Simple and Versatile Dynamic Model of Spherical Roller Bearing

Rolling element bearings are essential components of rotating machinery. The spherical roller bearing (SRB) is one variant witnessing increasing use because it is self-aligning and can support high loads. It is becoming increasingly important to understand how the SRB responds dynamically under a variety of conditions. This study introduces a computationally efficient, three-degree-of-freedom, SRB model that was developed to predict the transient dynamic behaviors of a rotor-SRB system. In the model, bearing forces and deflections were calculated as a function of contact deformation and bearing geometry parameters according to the nonlinear Hertzian contact theory. The results reveal how some of the more important parameters, such as diametral clearance, the number of rollers, and osculation number, influence ultimate bearing performance. One pair of calculations looked at bearing displacement with respect to time for two separate arrangements of the caged side-by-side roller arrays, when they are aligned and when they are staggered. As theory suggests, significantly lower displacement variations were predicted for the staggered arrangement. Following model verification, a numerical simulation was carried out successfully for a full rotor-bearing system to demonstrate the application of this newly developed SRB model in a typical real world analysis.

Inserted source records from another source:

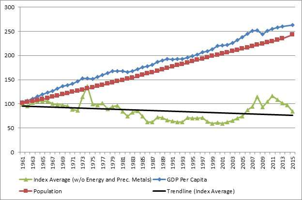 Last week, the World Bank updated its commodity database, which tracks the price of commodities going back to 1960. Over the last 55 years, the world’s population has increased by 143 percent. Over the same time period, real average annual per capita income in the world rose by 163 percent. What happened to the price of commodities?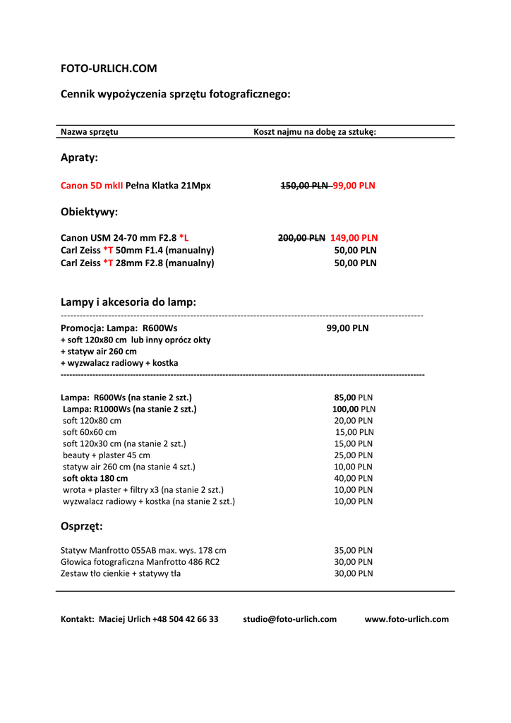 FOTO-URLICH.COM Cennik wypożyczenia sprzętu fotograficznego: Nazwa sprzętu Koszt najmu na dobę za sztukę: Apraty: Canon 5D mkII Pełna Klatka 21Mpx 150,00 PLN 99,00 PLN Obiektywy: Canon USM 24-70 mm F2.8 *L Carl Zeiss *T 50mm F1.4 (manualny) Carl Zeiss *T 28mm F2.8 (manualny) 200,00 PLN 149,00 PLN 50,00 PLN 50,00 PLN Lampy i akcesoria do lamp: ------------------------------------------------------------------------------------------------------------------Promocja: Lampa: R600Ws 99,00 PLN + soft 120x80 cm lub inny oprócz okty + statyw air 260 cm + wyzwalacz radiowy + kostka -----------------------------------------------------------------------------------------------------------------------------Lampa: R600Ws (na stanie 2 szt.) Lampa: R1000Ws (na stanie 2 szt.) soft 120x80 cm soft 60x60 cm soft 120x30 cm (na stanie 2 szt.) beauty + plaster 45 cm statyw air 260 cm (na stanie 4 szt.) soft okta 180 cm wrota + plaster + filtry x3 (na stanie 2 szt.) wyzwalacz radiowy + kostka (na stanie 2 szt.) 85,00 PLN 100,00 PLN 20,00 PLN 15,00 PLN 15,00 PLN 25,00 PLN 10,00 PLN 40,00 PLN 10,00 PLN 10,00 PLN Osprzęt: Statyw Manfrotto 055AB max. wys. 178 cm Głowica fotograficzna Manfrotto 486 RC2 Zestaw tło cienkie + statywy tła Kontakt: Maciej Urlich +48 504 42 66 33 35,00 PLN 30,00 PLN 30,00 PLN [email protected] www.foto-urlich.com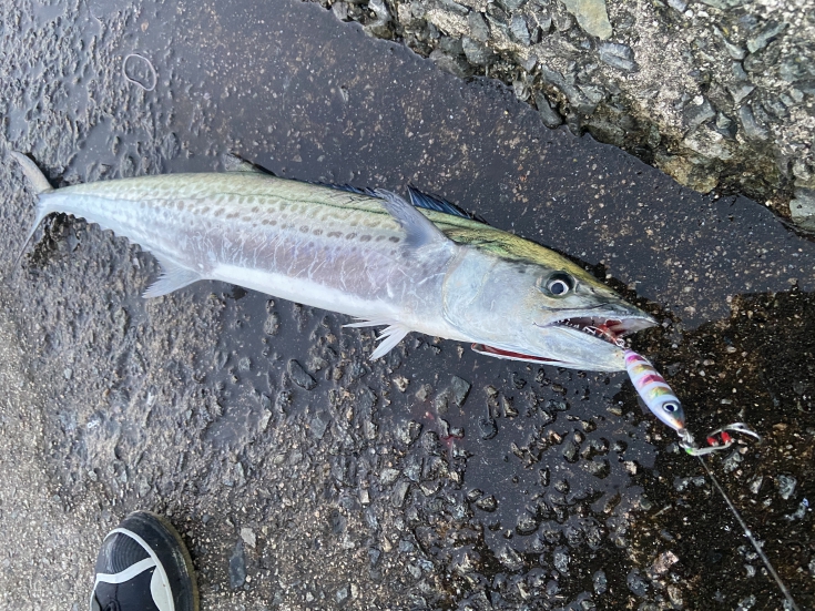 移動していると漁港でサゴシを釣っている人が見えたので、またも投次郎のブレードジギングで狙うと、あっさり80cmアップのサワラもヒットし、この日は納竿。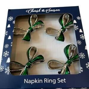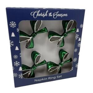 Green Bow Christmas Napkin Rings Set of 4 Silver Holiday Glam Cherish the Season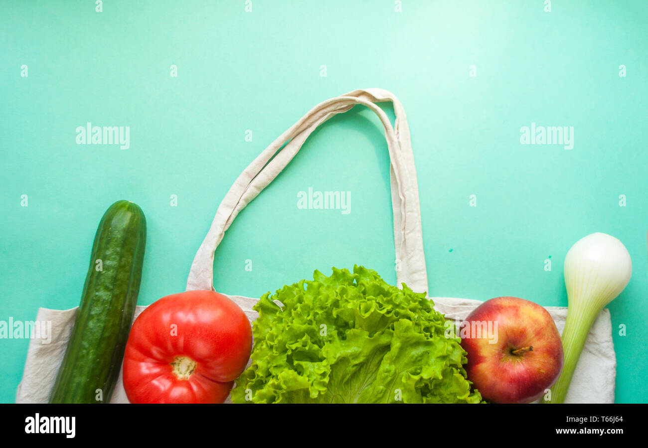 Fresh fruits and vegetables in eco bag on turquoise background with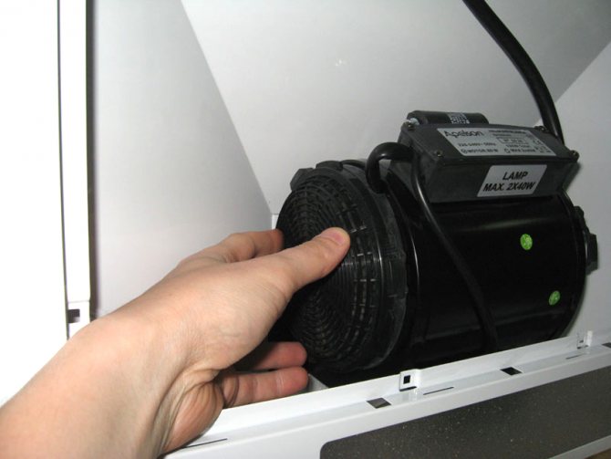 L'installation correcte du filtre est indiquée par un clic caractéristique. Si l'installation n'est pas effectuée correctement, il est fort probable que l'appareil ne s'allumera pas. De la même manière, à l'avenir, vous pourrez mettre à jour le contenu du filtre à charbon de la hotte de vos propres mains.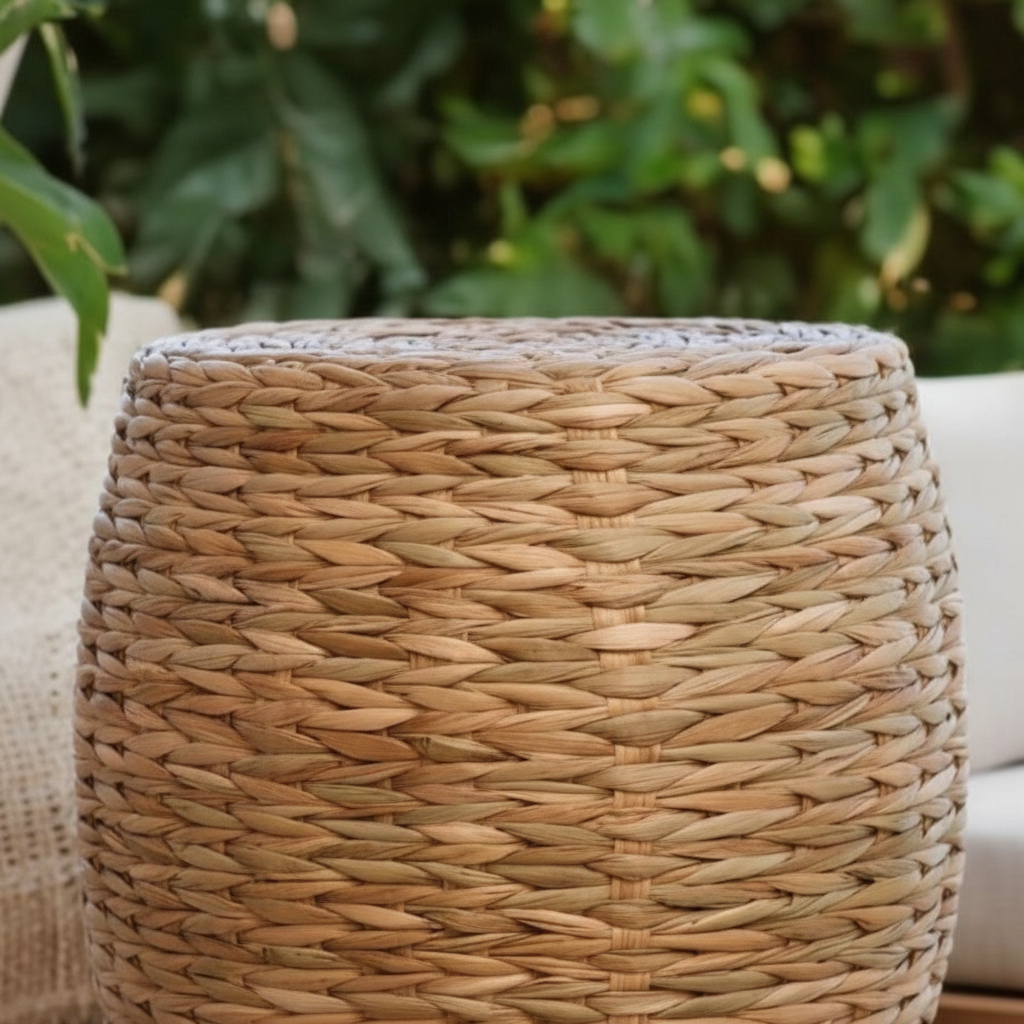 Puff Redondo Natural Rústico De Palha De Taboa

Dynamic Analysis of Rotor System With Misaligned Retainer Bearings

Active magnetic bearings present a technology that has many advantages compared to traditional bearing concepts. Active magnetic bearings, however, require retainer bearings in order to prevent damages in the event of a component, power, or a control system failure. In the drop-down, when the rotor drops from the magnetic field on the retainer bearings, the design of the retainer bearings has a significant influence on the dynamic behavior of the rotor. In this study, the dynamics of an active magnetic bearing supported rotor during the drop on retainer bearings is studied employing a simulation model. The retainer bearings are modeled using a detailed ball bearing model while the flexibility of the rotor is described using the finite element method with component mode synthesis. The model is verified by comparing measurements carried out using an existing test rig and simulation results. In this study, the verified simulation model is employed studying the effect of misalignment of retainer bearings during the rotor drop-down on the retainer bearings. It is concluded in this study that the misalignment of the retainer bearings is harmful and can lead to whirling motion of the rotor.